- [Problem description] All of the data that follows is to be written out exactly, with images excluded.

- [Source data]
┄┄┄┄┄┄

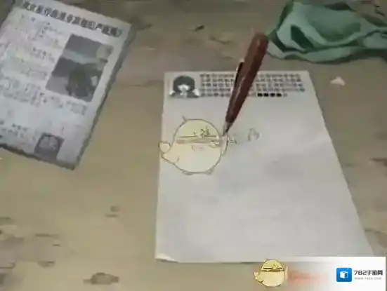 进门后先看看左边沙发上的书,没什么线索就是看看,毕竟这可是连载刊物啊!然后查看一下右上角的桌子,桌子上有梅姐的花边新闻,不过重点是桌子上有个送子娘娘画像,只要找到纸笔我们就能来临摹了,看完桌子后退小高能出现一个小推车,从小推车上拿到一束花,右边的花瓶是空着的,把一束花放在右边床头柜的花瓶里面,从床尾位置拿到墨盒和圆珠笔。
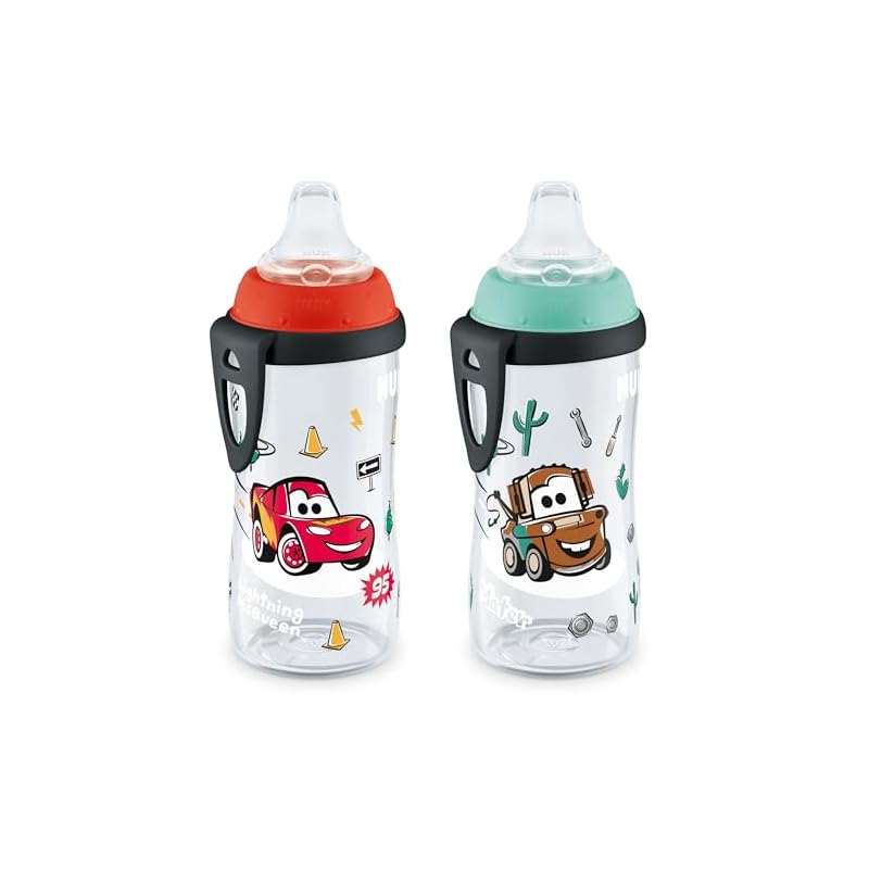 Especificaciones: NUK Vaso activo para sorber, 10 onzas, paquete de 2, Disney’s Cars, Lightning McQueen, sin BPA, a prueba de derrames, taza de transición
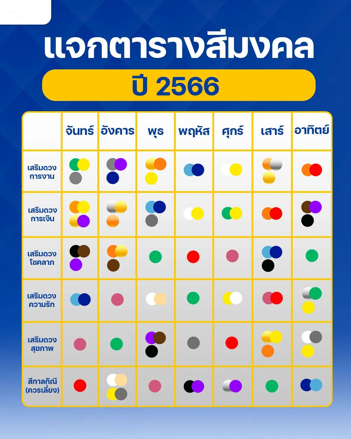 ตารางเสื้อสีมงคล 2566 เสริมดวงดี เพิ่มความเฮง สีเสื้อมงคล Save เก็บไว้ใส่ได้ตลอดทั้งปี!
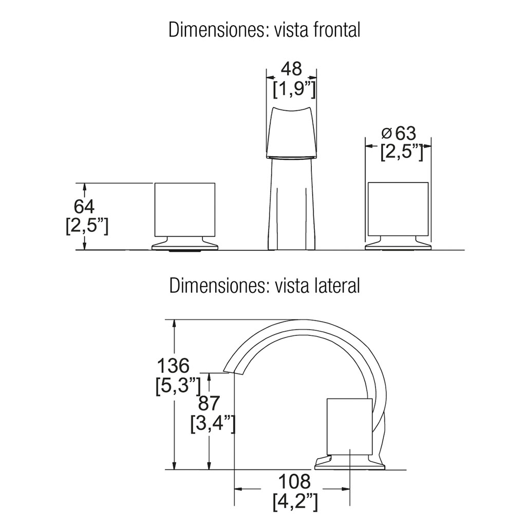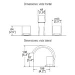 Monomando de lavabo para instalación de 8″ a 12″, incluye desagüe tipo push y adaptador para lavabos sin rebosadero. Cuenta con cuerpo de latón, manerales con giro de 90° y requiere presión mínima de 0.25 kg/cm².

┄┄┄┄┄┄

- [Response to this task]
 进门后先看看左边沙发上的书,没什么线索就是看看,毕竟这可是连载刊物啊!然后查看一下右上角的桌子,桌子上有梅姐的花边新闻,不过重点是桌子上有个送子娘娘画像,只要找到纸笔我们就能来临摹了,看完桌子后退小高能出现一个小推车,从小推车上拿到一束花,右边的花瓶是空着的,把一束花放在右边床头柜的花瓶里面,从床尾位置拿到墨盒和圆珠笔。
 Especificaciones: NUK Vaso activo para sorber, 10 onzas, paquete de 2, Disney’s Cars, Lightning McQueen, sin BPA, a prueba de derrames, taza de transición
 ตารางเสื้อสีมงคล 2566 เสริมดวงดี เพิ่มความเฮง สีเสื้อมงคล Save เก็บไว้ใส่ได้ตลอดทั้งปี!
 Monomando de lavabo para instalación de 8″ a 12″, incluye desagüe tipo push y adaptador para lavabos sin rebosadero. Cuenta con cuerpo de latón, manerales con giro de 90° y requiere presión mínima de 0.25 kg/cm².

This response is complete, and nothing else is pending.